We traveled often to France, where Paulita spent the summer before grad school as an au pair. Every few years we visited the family and she mentioned how nice it would be to move to France. I would nod and not give it serious thought. That changed two years ago when I turned 60. I loved my job as a reporter at The Columbus Dispatch and my colleagues. But I had vowed not to wait until 65 to enjoy the rest of my life. Neither my father nor his brothers saw 80 years old. I would retire on Dec. 22, 2017, the day before I turned 62 and became eligible for my company pension.

My desk at The Columbus Dispatch, where I spent
 the last 19 years of a 40-year journalism career.
I had thought retirement would involve a condo in the Columbus area and world travels. That was one option we discussed. We would be close to our three adult children, able to help them in person instead of consoling or counseling them over Skype or FaceTime. We also would be close to Grandview Heights, the small city where we lived just outside downtown Columbus. We loved walking the half mile to Grandview's main street full of restaurant, shops and the Grandview Grind where Paulita wrote several novels. Our children had attended the city school district where the total enrollment hovers around 1,000 students. France would put us 10 hours and 4,000 miles away from all of that. But if  we could leave with our children, now in their 20s, fairly secure in jobs and apartments, we'd take a shot at adventure.

Clockwise from me at the top: Tucker, Paulita, Spencer and Grace.
"So you're abandoning us," the youngest, Tucker said. With his dry wit it's sometimes difficult to tell whether he's joking. I assumed he wasn't. In a sense, he was correct. But our leaving might help them become more self-sufficient, we told ourselves. And we expected all of them to visit us in France. Tucker came around and said he would make a long visit this spring or summer. Grace, our oldest, loved our plan. A europhile herself, she has dreams of graduate school in Scotland. Our older son, Spencer, said it was cool that we were chasing our dream.

The housing market in Grandview was ridiculously hot last spring, but we didn't jump in until August. After one failed offer we closed on a second full price offer on Dec. 8. We had two days to remove the last items from the house. We pulled away at 11:45 a.m., 15 minutes before the new owners took possession. A healthy profit from the home sale means we won't need a mortgage in France, With that, and my 401(k) and pension converted into investments and Paulita continuing to teach her college English classes online, our bankers declared our France dream possible. A European health insurance policy would cost us less than $1,000 total.

Trying to look French.
After Christmas in Florida with the kids and Paulita's parents, we left Paris on Jan. 3, landing the next day.

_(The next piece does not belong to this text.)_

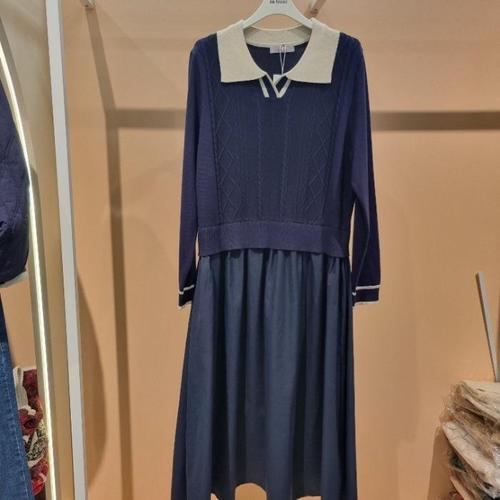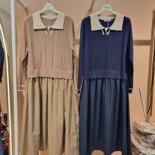 라티움 HC34 스텐카라 니트상의 상하배색 니트 롱 원피스 T2541op01

The first three days were spent on  a second honeymoon in Paris. I never tire of visiting that beautiful city. There's always something new o explore.

After Paris, we began the first of three house-sitting jobs for Brits who have re-invaded western France with their strong pound sterling. They were looking for people to care for their homes and, more importantly, their pets while they went on holiday.
Paulita with Toby, one of our charges.
With the house-sitting jobs and times spent at friend's homes we'll have paid for only two weeks at an Airbnb by mid-March, when we begin house-hunting in earnest. We've decided to rent for a year. That way we we'll have time to thoroughly vet properties and also give the dollar time to hopefully strengthen against the euro. And if we decide the expat life isn't for us, it will be easier to return home.

So stop back and see how we do for at least the next year. You'll read about house sits, French traffic, dining and social quirks (compared to our American quirks), the difference between bollocks and bullshit and my efforts to adapt to French culture and language.